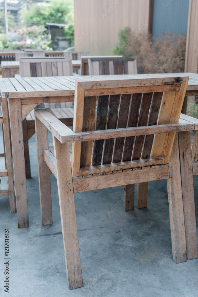 Vintage wood chair at outdoor terrace. Outdoor dining area
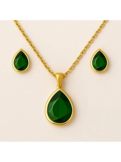 5. Delicate Women's Colorful Zirconia Drop Necklace + Earring Kit
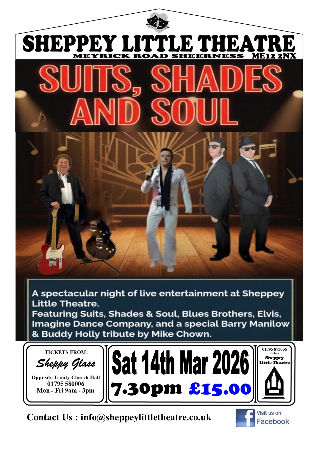 Tickets for most of our shows can be got from Sheppy Glass – telephone number 01795 580006 or in person from their shop at 24 Broadway, Sheerness, Kent, ME12 1AF during the below hours:
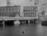 Description :DERRIERE LE PONT MONTCALM, EN BOIS A L'EPOQUE, LES DEUX EDIFICES DE L'USINE PATON. CABANE OU ETAIT INSTALLEE LA TURBINE.
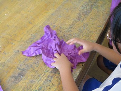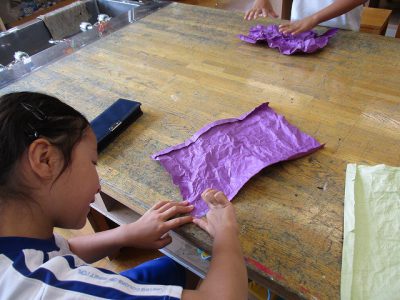 紙をくしゃくしゃにしたり、丸めたりします。
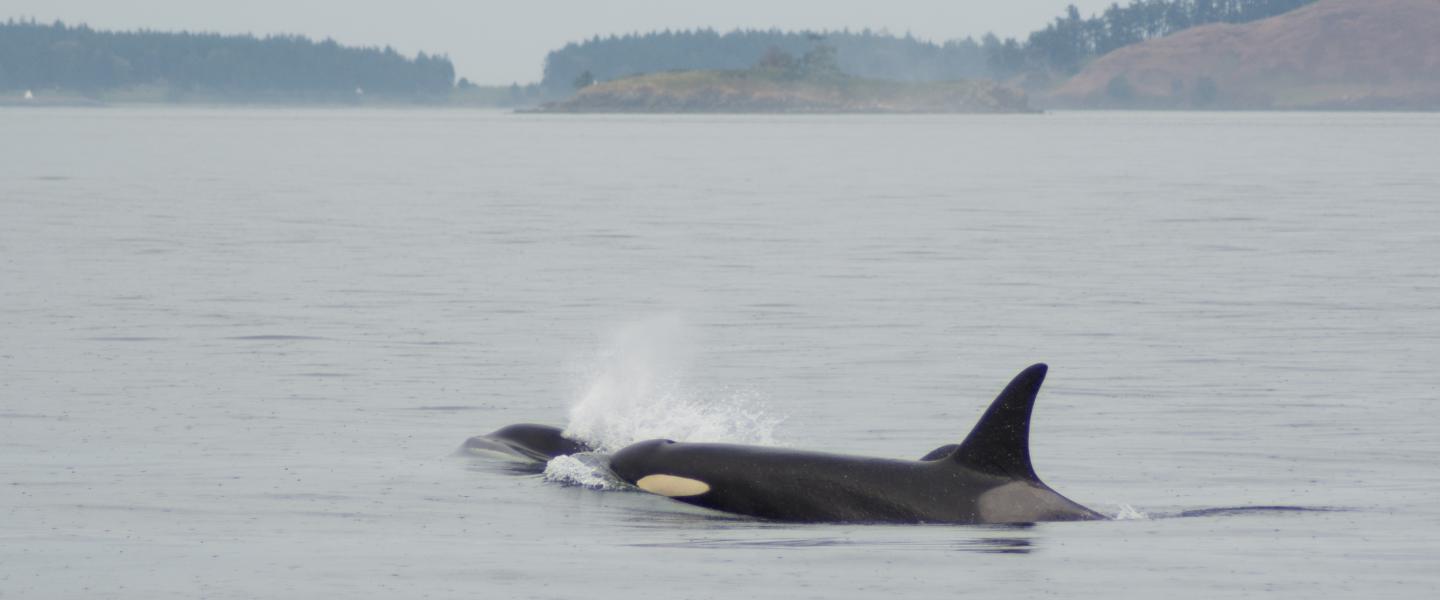 Then, we headed up towards False Bay and found the Southern Resident whales! The J pod was spread far apart along this western coast of San Juan. But, even though they were separated by distance, the whales still kept in communication with each other. At one point during our tour, a huge female slapped the water three times and headed closer into shore. Immediately the three groups closest to her stopped what they were doing and headed in the same direction! She was definitely the leader amongst these whales.
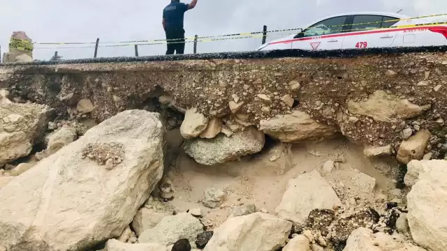 Las fuertes lluvias que azotaron en el municipio de Tulum, ocasionaron un deslave en la carretera Boca Paila-Punta Allen; la zona fue acordonada por personal operativo de Protección Civil
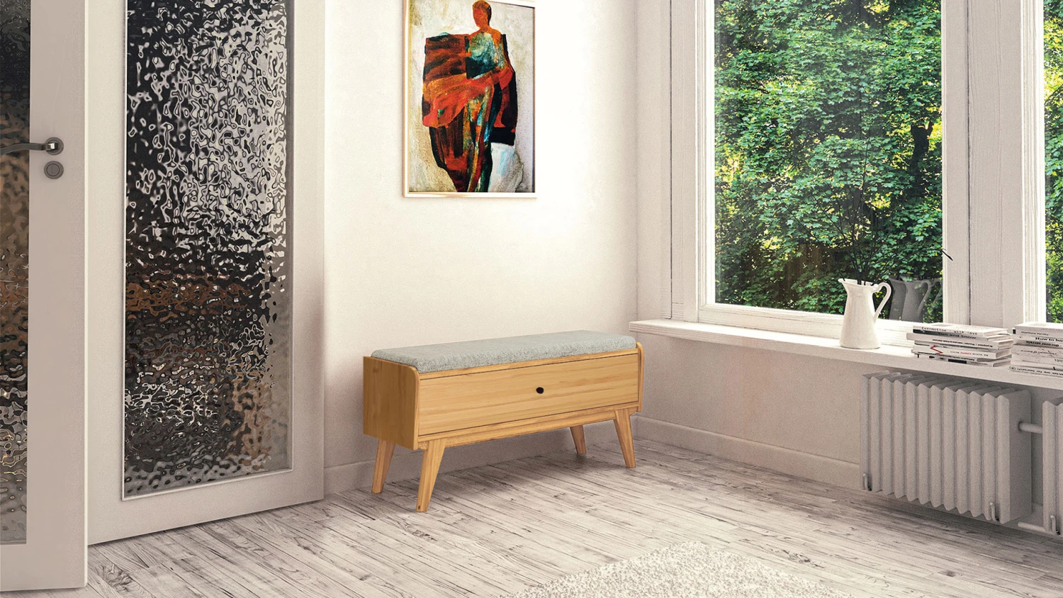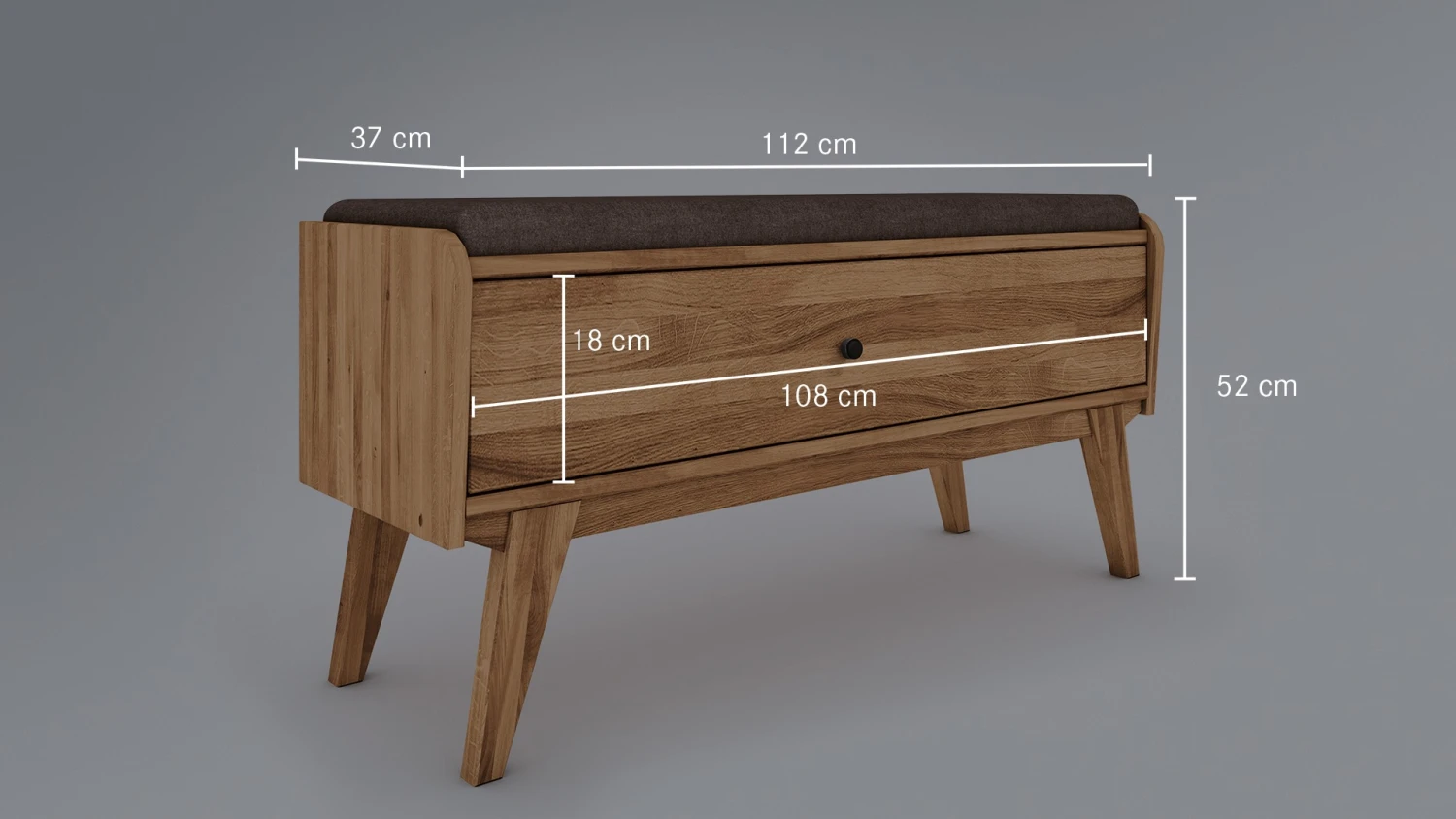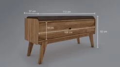 Kommodenteil mit 2 Schubladen links, gepolsterte Sitzfläche rechts
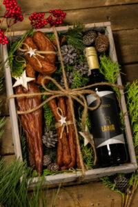 Oferujemy eleganckie paczki świąteczne dla bliskiej Ci osoby lub współpracownika w których mogą się znaleźć widoczne na załączonych zdjęciach wyroby wędliniarskie firmowane przez naszą restaurację wina, własne wypieki , a także najwyższej jakości kawy i herbaty.
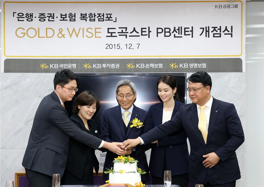 윤종규 국민은행장(가운데)이 도곡스타PB센터 오픈식에 참석해 관계자들과 케이크 커팅을 하고 있다. <br />
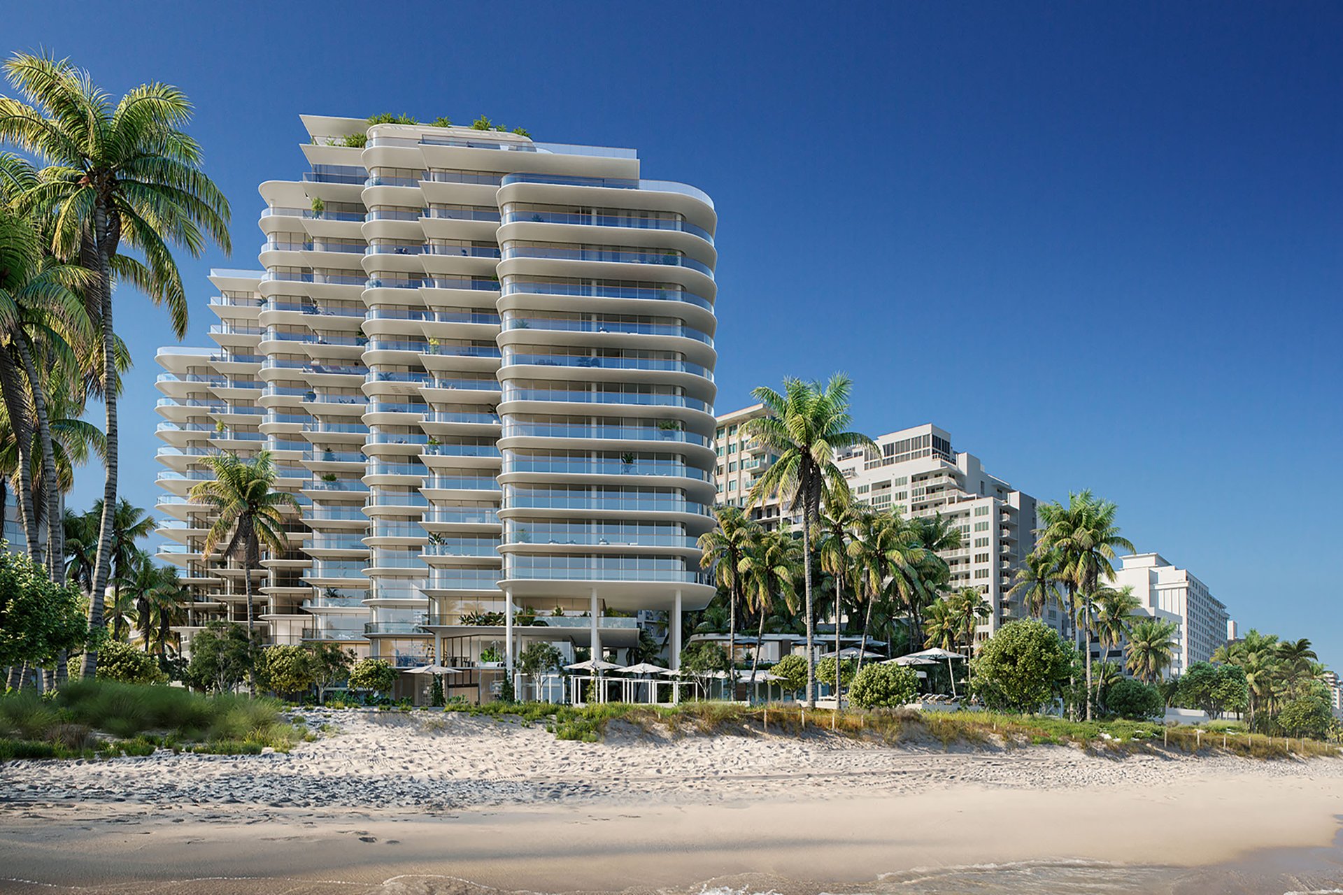 - Private 10- to 12-foot-deep terraces designed to provide direct views of the Atlantic from every residence
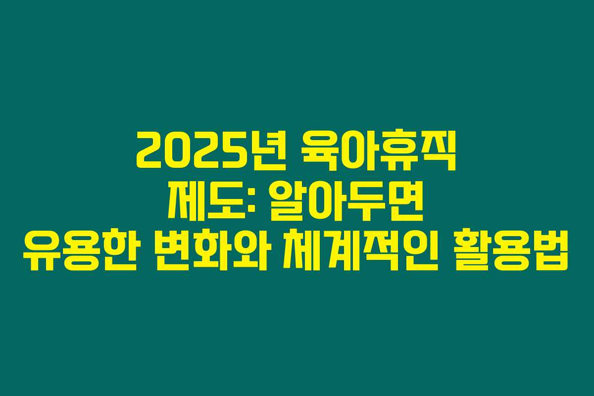 2025년 육아휴직 제도: 알아두면 유용한 변화와 체계적인 활용법
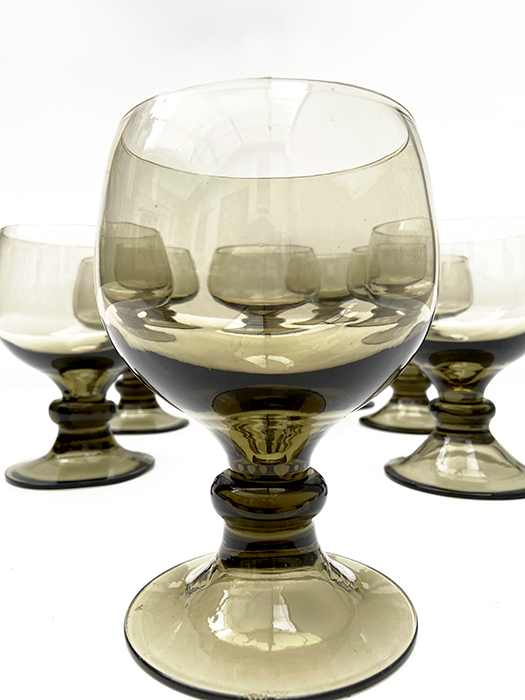 7 magnifiques coupes à glace ( ou très grand verre pour les gourmands 😉 ) en verre de couleur gris fumé. Très bon état. Prix pour les 7.

## [EXERCISE INSTRUCTIONS]
The reply has to reproduce every line above verbatim and contain no pictures.

## [EXERCISE OUTPUT]
 Vintage wood chair at outdoor terrace. Outdoor dining area
 5. Delicate Women's Colorful Zirconia Drop Necklace + Earring Kit
 Tickets for most of our shows can be got from Sheppy Glass – telephone number 01795 580006 or in person from their shop at 24 Broadway, Sheerness, Kent, ME12 1AF during the below hours:
 Description :DERRIERE LE PONT MONTCALM, EN BOIS A L'EPOQUE, LES DEUX EDIFICES DE L'USINE PATON. CABANE OU ETAIT INSTALLEE LA TURBINE.
 紙をくしゃくしゃにしたり、丸めたりします。
 Then, we headed up towards False Bay and found the Southern Resident whales! The J pod was spread far apart along this western coast of San Juan. But, even though they were separated by distance, the whales still kept in communication with each other. At one point during our tour, a huge female slapped the water three times and headed closer into shore. Immediately the three groups closest to her stopped what they were doing and headed in the same direction! She was definitely the leader amongst these whales.
 Las fuertes lluvias que azotaron en el municipio de Tulum, ocasionaron un deslave en la carretera Boca Paila-Punta Allen; la zona fue acordonada por personal operativo de Protección Civil
 Kommodenteil mit 2 Schubladen links, gepolsterte Sitzfläche rechts
 Oferujemy eleganckie paczki świąteczne dla bliskiej Ci osoby lub współpracownika w których mogą się znaleźć widoczne na załączonych zdjęciach wyroby wędliniarskie firmowane przez naszą restaurację wina, własne wypieki , a także najwyższej jakości kawy i herbaty.
 윤종규 국민은행장(가운데)이 도곡스타PB센터 오픈식에 참석해 관계자들과 케이크 커팅을 하고 있다. <br />
 - Private 10- to 12-foot-deep terraces designed to provide direct views of the Atlantic from every residence
 2025년 육아휴직 제도: 알아두면 유용한 변화와 체계적인 활용법
 7 magnifiques coupes à glace ( ou très grand verre pour les gourmands 😉 ) en verre de couleur gris fumé. Très bon état. Prix pour les 7.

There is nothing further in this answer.